There is a particular species of email that arrives in my inbox with the regularity of a bad conscience. Five, maybe seven a week, sliding in between endpoint security alerts and an auditors compliance reminders like they have somewhere to be.
The sender has a name. Sometimes the name has actual gravity, someone you have seen quoted in a trade publication, attached to a firm that appears in real search results. The signature block is clean. The logo renders correctly.
And they are running it out of Gmail.
Not a corporate domain. Gmail. And not just vanilla Gmail either. The most recent one is running a CRM mail suite that pings back a read receipt, logs when you opened it, tracks whether you closed it without clicking anything. Someone is watching the open rates on whatever batch this belongs to, and they want you to believe that someone is them, sitting at a desk, personally moved by your LinkedIn profile.

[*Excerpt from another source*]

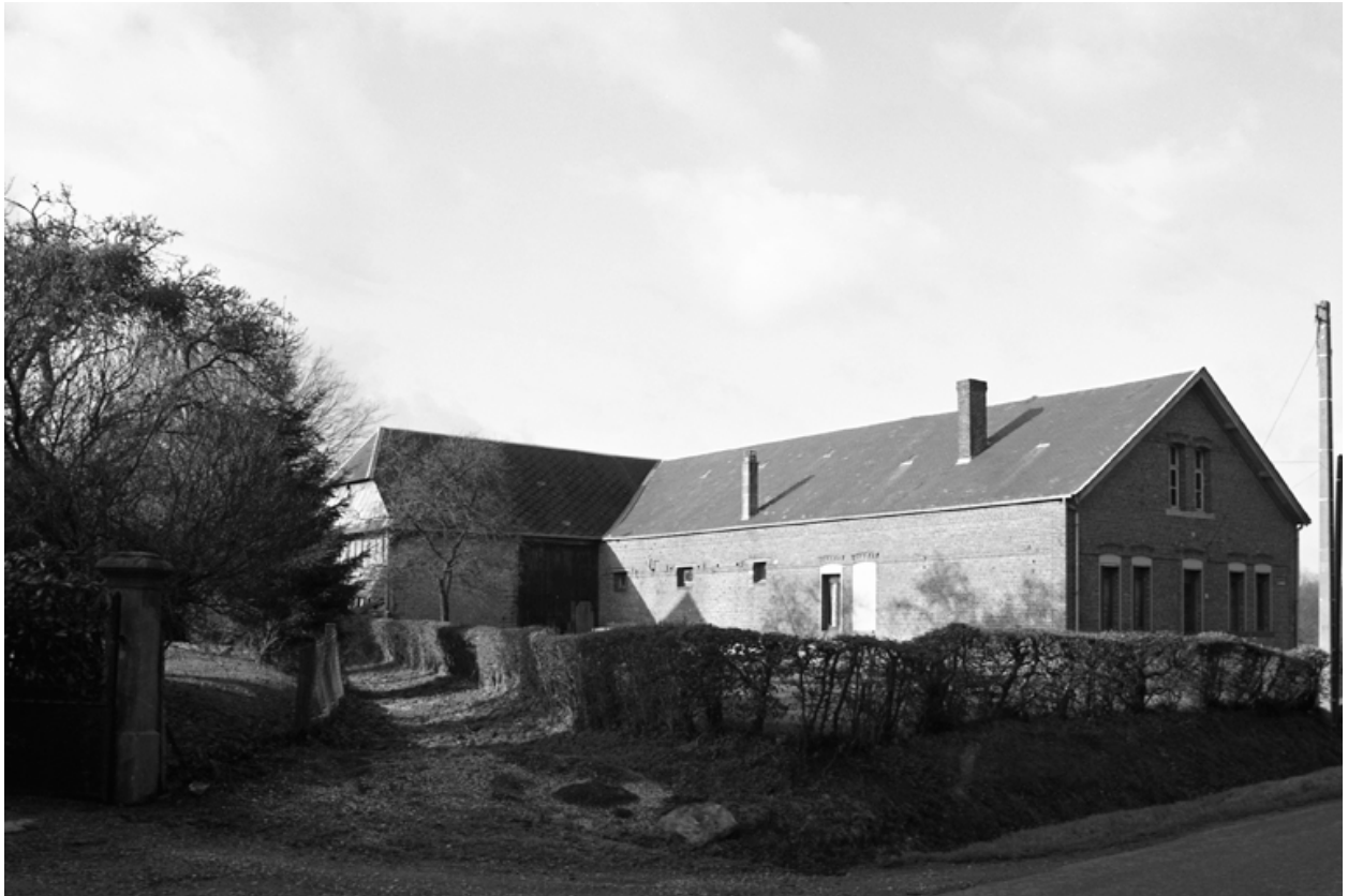
Esquéhéries, ancienne ferme (étudiée), le Sarrois, 47 route du Grand-Wez.

These emails mention real things. Specific things. The kind of details that require either thirty seconds of actual research or a well-trained scraper reassembling your public record into something that reads like human attention. It is a meaningful distinction and I do not know which one I am looking at.
Top compensation, direct line, confidential search. Not one of these recruiter people has accepted a LinkedIn connection request.
Not one.
Legitimate recruiters live on LinkedIn the way sharks live in water. Accepting a connection from someone you claim to have found through their public profile costs you nothing except confirming you exist in the way you say you exist. The silence where that confirmation should be says everything the email is working hard not to say.
The rum is always gone because somebody kept drinking it and swearing the bottle was full.